The race itself took four hours and thirty-six minutes to fully resolve 334 laps; with speeds averaging 108.408 mph. Fireball Roberts would qualify for the pole position with a speed of 134.596 mph. The other top ten finishers were: Jim Paschal, Speedy Thompson, Rex White (officially declared the Grand National Champion that year), Lee Petty, Richard Petty, Joe Weatherly, Bob Welborn and Fred Lorenzen.

Bill Gazaway would receive the last-place finish for his collision involving the rear end of his 1960 Oldsmobile vehicle on the first lap of the race; giving him the shortest NASCAR Grand National Series career alongside Paul Norris and Rich Vogler.
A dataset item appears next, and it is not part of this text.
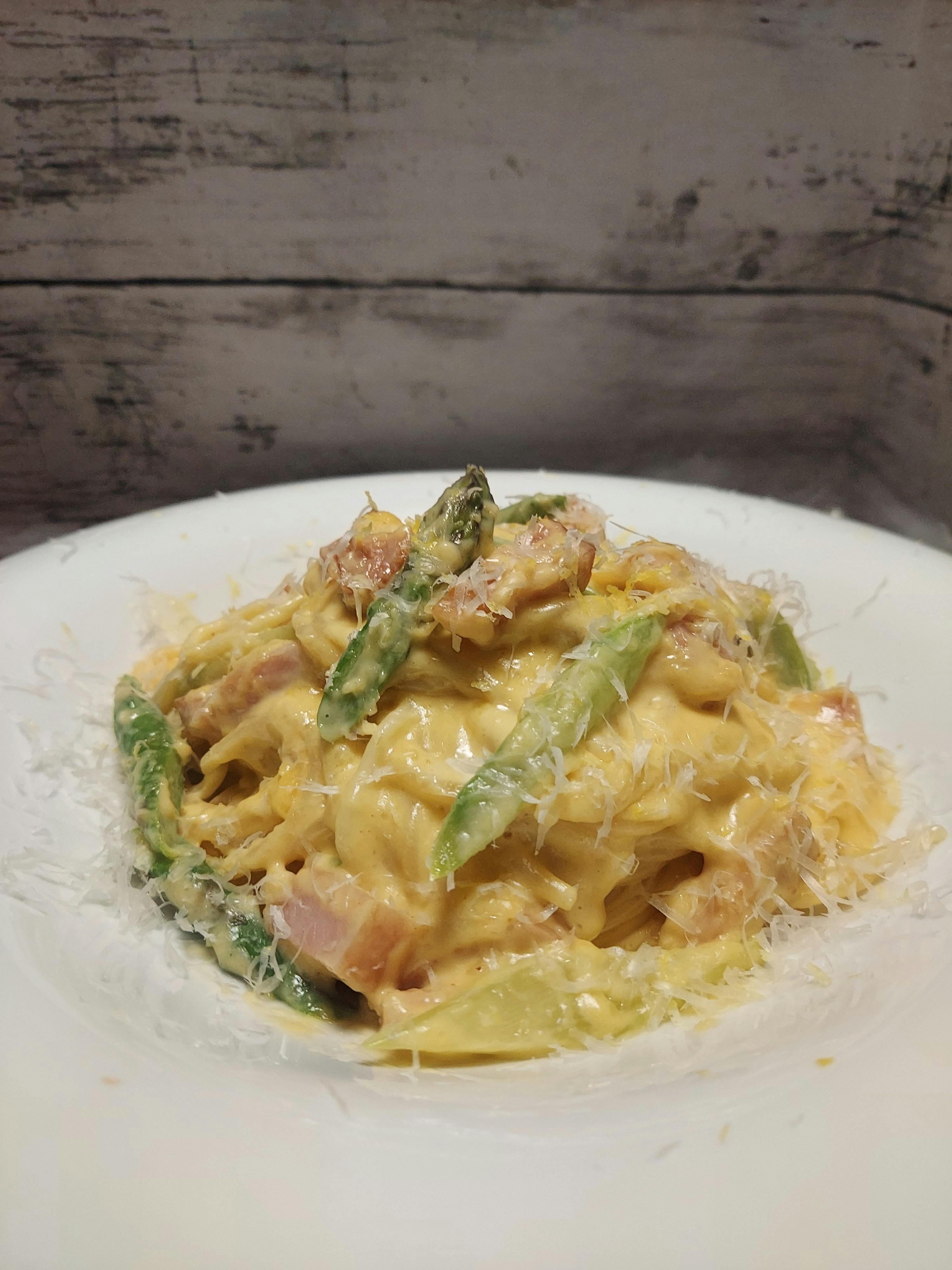 アスパラは卵黄とよく合うので、カルボナーラには最適です

LeeRoy Yarbrough would make his first NASCAR career start here; finishing in 33rd due to a crash on lap 60. Eight notable crew chiefs participated in the event; including Bud Moore, Ray Fox, Leonard Wood and Cotton Owens.
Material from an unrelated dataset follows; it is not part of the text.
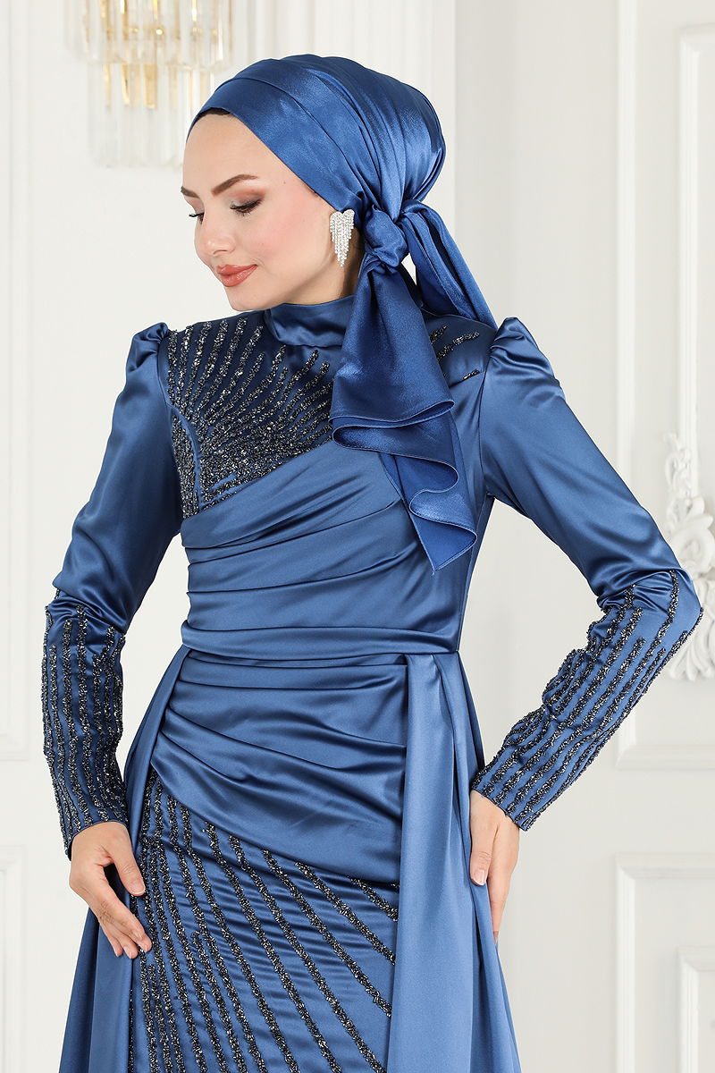 Fabric Property: Made of satin fabric.It can be used in four seasons.Product Feature :It is a new season hijab style product. (Unlined.)Half stand-up collarIt has a functional back zipper.Stones are sticked on.There may be a tonal difference in the product color due to the concept shots.

The record for the shortest NASCAR career would be broken in 1990 by Rich Vogler. He qualified for a 1990 race at Pocono, but he died the night before the race. He was given a 40th-place finish and a "Did Not Start", which means he completed zero laps. The fewest lead changes were committed here; this record would be officially tied with the 1961 Dixie 400 the following year.

===Qualifying===

| Grid | No. | Driver | Manufacturer | Qualifying time | Speed | Owner |
|---|---|---|---|---|---|---|
| 1 | 22 | Fireball Roberts | '60 Pontiac | 2:40.030 | 134.975 | John Hines |
| 2 | 47 | Jack Smith | '60 Pontiac | 2:41.180 | 134.012 | Jack Smith |
| 3 | 27 | Junior Johnson | '60 Pontiac | 2:41.810 | 133.490 | John Masoni |
| 4 | 28 | Fred Lorenzen | '60 Ford | 2:44.660 | 133.169 | Fred Lorenzen |
| 5 | 5 | Bobby Johns | '60 Pontiac | 2:44.660 | 131.179 | Cotton Owens |
| 6 | 12 | Joe Weatherly | '60 Ford | 2:44.130 | 131.603 | Holman-Moody |
| 7 | 94 | Banjo Matthews | '60 Ford | 2:44.070 | 131.651 | Banjo Matthews |
| 8 | 4 | Rex White | '60 Chevrolet | 2:45.790 | 130.285 | Rex White |
| 9 | 85 | Emanuel Zervakis | '60 Chevrolet | 2:45.960 | 130.152 | Monroe Shook |
| 10 | 90 | Tiny Lund | '60 Ford | 2:46.100 | 130.042 | Junie Donlavey |

==Timeline==
Section reference:
- Start of race: Fireball Roberts officially held the pole position as the green flag was waved.
- Lap 1: Bill Gazaway would lose the rear end of his vehicle; Paul Norris fell out with engine failure.
- Lap 5: Ned Jarrett's engine stopped working properly.
- Lap 16: Friday Hassler's engine stopped working properly.
- Lap 23: Wilbur Rakestraw's engine stopped working properly.
- Lap 24: Elmo Langley's engine stopped working properly.
- Lap 39: Bob Eichor had a terminal crash.
- Lap 44: Jack Smith took over the lead from Fireball Roberts.
- Lap 46: Marvin Panch's brakes stopped working properly.
- Lap 51: Banjo Matthews had a terminal crash.
- Lap 52: Tiny Lund's engine stopped working properly.
- Lap 58: Jimmy Pardue's engine stopped working properly; Tiny Lund's engine would suffer a similar fate.
- Lap 60: LeeRoy Yarbrough had a terminal crash.
- Lap 63: Tommy Irwin took over the lead from Jack Smith.
- Lap 65: Joe Weatherly took over the lead from Tommy Irwin.
- Lap 73: The frame came right off of T.C. Hunt's vehicle.
- Lap 74: A problematic axle took Charlie Glotzbach out of the race.
- Lap 83: Johnny Beauchamp took over the lead from Joe Weatherly.
- Lap 85: Johnny Beauchamp had a terminal crash.
- Lap 86: Joe Weatherly took over the lead from Johnny Beauchamp.
- Lap 108: Roscoe Thompson took over the lead from Joe Weatherly.
- Lap 110: Bobby Johns took over the lead from Roscoe Thompson.
- Lap 132: The frame came right off of Charley Griffith's vehicle.
- Lap 144: Roscoe Thompson had a terminal crash.
- Lap 154: Jack Smith's engine stopped working properly.
- Lap 212: David Pearson had a terminal crash; a problematic axle took Junior Johnson out of the race.
- Lap 224: Tom Pistone's gas tank stopped working properly.
- Lap 255: Doug Yates' fuel pump stopped working properly.
- Finish: Bobby Johns was officially credited with the victory.